Слабая улыбка тронула его губы — Мелисса все еще была с ним.
— Когда мне сказали, что ты пропала, мир словно рухнул — оправдались мои самые страшные опасения, — продолжал он. — Я представил жизнь без тебя. Без твоей доброй улыбки, нежных рук. Без нежных пальцев, которые бы гладили мое лицо ночью в постели. И я понял, что не могу этого допустить. Не перенесу, если это случится. Я бросился тебя искать. Все как в тот раз, когда инстинкт привел меня к твоей двери в ночь после бала. Ты пробудила меня, Мелисса.
— И что же это за инстинкт? — мягко спросила она, понимая, что Казимиро уже готов сделать главное признание.

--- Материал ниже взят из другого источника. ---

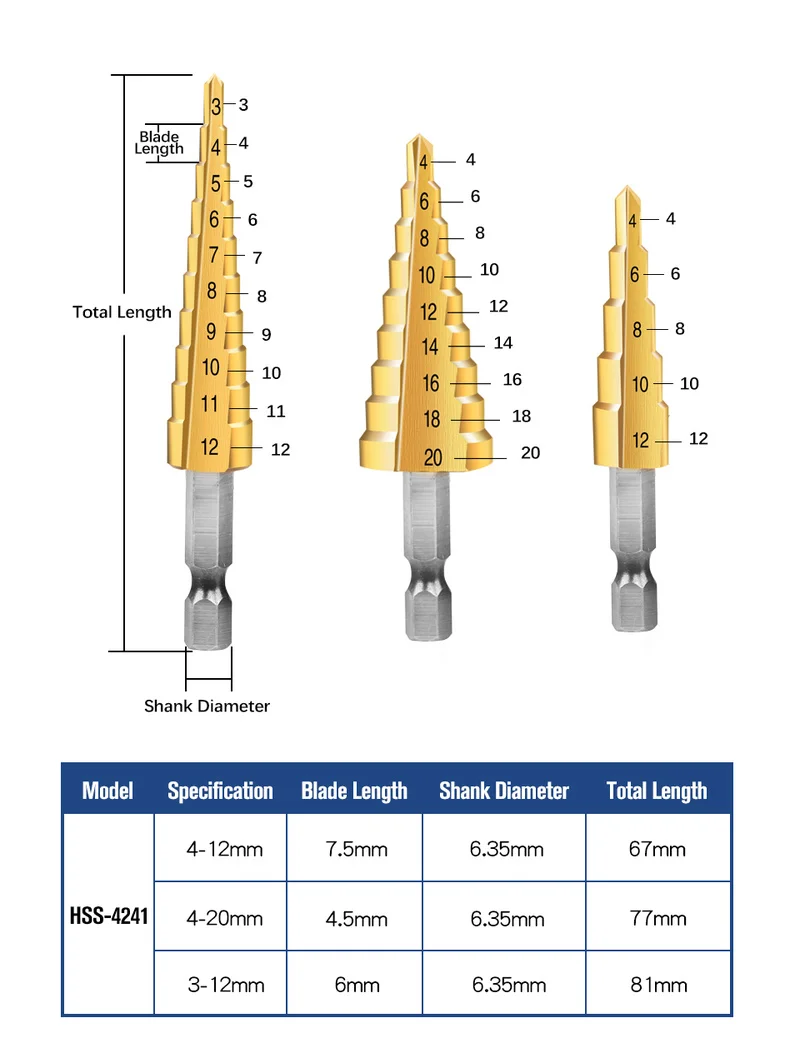 Сверло ступенчатое из быстрорежущей стали, 3 шт.набор, 3-12 мм, 4-12 мм, 4-20 мм

Его взгляд был тверд, но руки дрожали. Всего одно слово, но самое могущественное — во всех языках мира.
— Любовь.
Последовала короткая пауза.
— Любовь? — переспросила Мелисса, как если бы Казимиро оговорился и она давала ему возможность исправить ошибку.
В ее душе боролись надежда и неуверенность в его словах.
— Да, любовь, — тихо повторил он и коснулся ее, но только для того, чтобы приподнять руку с обручальным кольцом. — Знаешь… когда я убедился, что мне придется жениться на тебе из-за ребенка, часть меня ликовала, потому что ты должна была стать моей. Полностью моей. Я смогу видеть и ласкать тебя когда захочу.
— Но ты этого не показал.
— Конечно не показал. — Казимиро пожал плечами. — Потому что я пришел в ужас от того, каким почувствовал себя тогда.
— Каким же?
Он помолчал секунду, затем сказал:
— Беззащитным.
— Ты — беззащитный?! — Мелисса удивленно округлила глаза.
— Да. — Он грустно посмотрел на нее. — Видишь ли, я вдруг понял, что ничем не отличаюсь от других людей, когда речь заходит о делах сердечных. И я не застрахован от боли и желаний.
Она протянула руку и погладила его по щеке. Он поймал ее ладонь и поцеловал.
— О, Казимиро, — прошептала она.
— Я люблю тебя, Мелисса, — произнес он тихо. — Я люблю тебя за то, что ты — это ты. Ты имеешь силу противостоять мне и принять меня. Я люблю тебя за то, что ты родила сына и так нежно растишь его, несмотря на беды, которыми судьба осыпала тебя. Я люблю вас обоих и буду любить всю жизнь, если только позволишь мне загладить вину.